18.1 Notices may be served by email to the addresses stated on the Invoice or last notified in writing; emails are deemed received on the next business day. A copy shall be sent to PayAssured at [email protected] for matters under Clause 7A; service on PayAssured constitutes valid service on the Supplier for recovery/arbitration communications.
18.2 Electronic records/signatures are recognised under the Information Technology Act, 2000. E‑invoices authenticated with IRN/QR do not require physical signature.
Each party shall comply with applicable laws, including tax, anti‑bribery and export controls. Buyer is responsible for timely statutory forms/certificates enabling correct tax treatment.
20.1 Either party may assign this Invoice to an affiliate, to PayAssured, or to a financier as part of receivables financing with notice. Sub‑contracting of non‑core work is permitted; Supplier remains responsible.
20.2 Upon receipt of an assignment notice, the Buyer shall acknowledge and make further payments to the designated account without withholding, and such assignment shall not affect the Buyer's substantive defences.
21.1 Severability: If any provision is invalid, the remainder remains effective.
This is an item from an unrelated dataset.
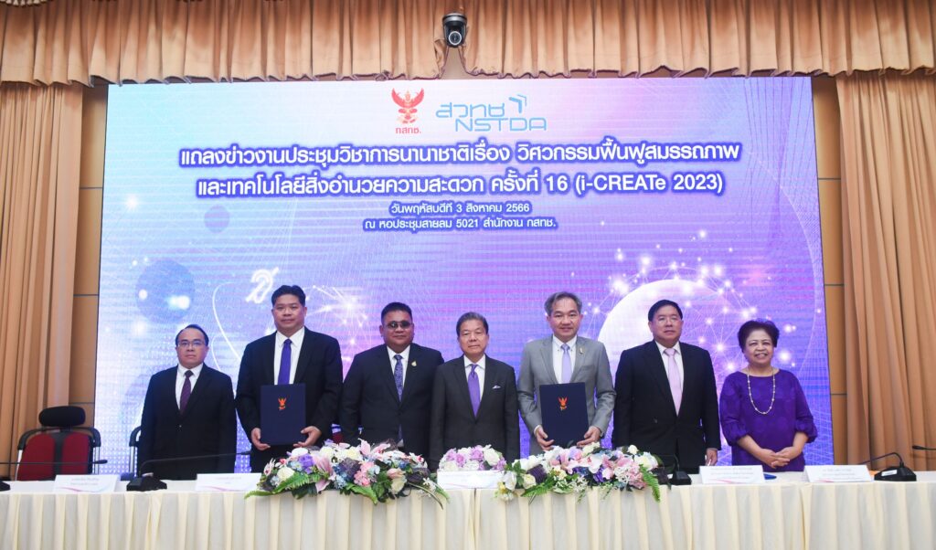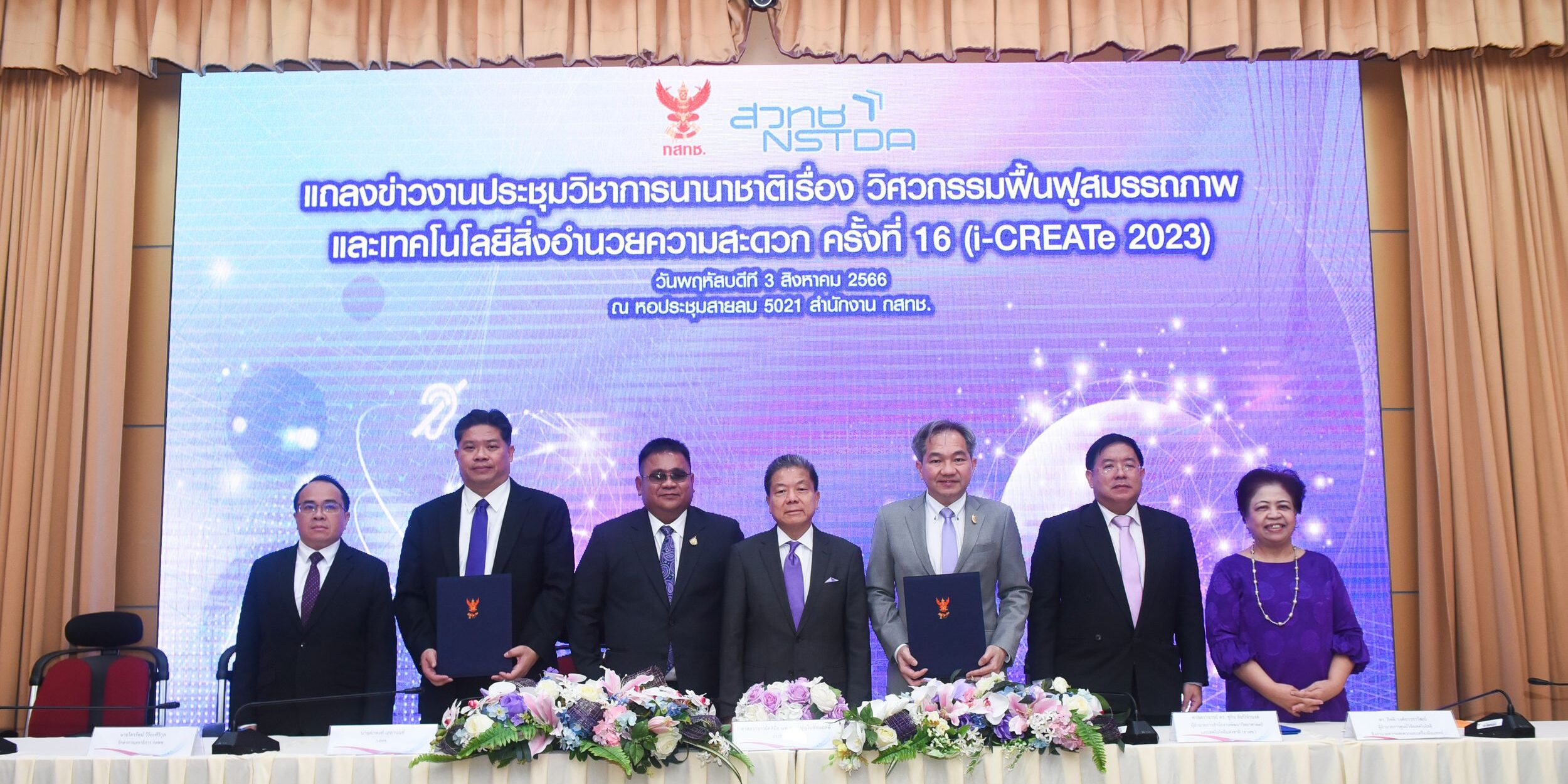 วันที่ 3 สิงหาคม 2566 : สำนักงานคณะกรรมการกิจการกระจายเสียง กิจการโทรทัศน์ และกิจการโทรคมนาคมแห่งชาติ (กสทช.) ร่วมกับสำนักงานพัฒนาวิทยาศาสตร์และเทคโนโลยีแห่งชาติ (สวทช.) ลงนามในบันทึกข้อตกลงความร่วมมือการส่งเสริมการเรียนรู้เพื่อสร้างนวัตกรรมด้านกิจการกระจายเสียง กิจการโทรทัศน์ และกิจการโทรคมนาคมที่ออกแบบสำหรับทุกคน (Inclusive Design) และเทคโนโลยีสิ่งอำนวยความสะดวก (Assistive Technology) พร้อมทั้งแถลงข่าวร่วมจัดงานประชุมวิชาการนานาชาติ เรื่องวิศวกรรมพื้นฟูสมรรถภาพและเทคโนโลยีสิ่งอำนวยความสะดวก ครั้งที่ 16 (i-CREATe 2023) โดยมี ศาสตราจารย์คลินิก นพ.สรณ บุญใบชัยพฤกษ์ ประธาน กสทช. ศาสตราจารย์ ดร.ชูกิจ ลิมปิจำนงค์ ผู้อำนวยการ สวทช. นายต่อพงศ์ เสลานนท์ กรรมการ กสทช. ด้านการส่งเสริมสิทธิเสรีภาพของประชาชน และผู้บริหารคณะนักวิจัยทั้งสองหน่วยงานร่วมแถลงข่าว ณ หอประชุมสายลม 5021 (หอประชุม ชั้น 2) สำนักงาน กสทช.

21.2 No Waiver: Failure to enforce is not a waiver.
21.3 Entire Agreement: For the specific supply, these T&C (read with any signed MSA/PO) constitute the entire agreement regarding their subject matter.
21.4 Survival: Clauses 6–7, 7A, 9–10, 12–18, 20–21 survive expiry/termination.
21.5 Third‑Party Rights (PayAssured): Solely to give effect to Clause 7A, PayAssured is an intended third‑party beneficiary with the right to rely on and enforce the Buyer's obligations to route communications and to not object to its authorized representation, without prejudice to the Supplier's primary rights.
"This document is version 2025.08.2. Previous versions are archived and available upon request."
"Supplier is registered as a Micro/Small Enterprise under the MSMED Act. Statutory interest under the MSMED Act, 2006 may apply in lieu of contractual interest."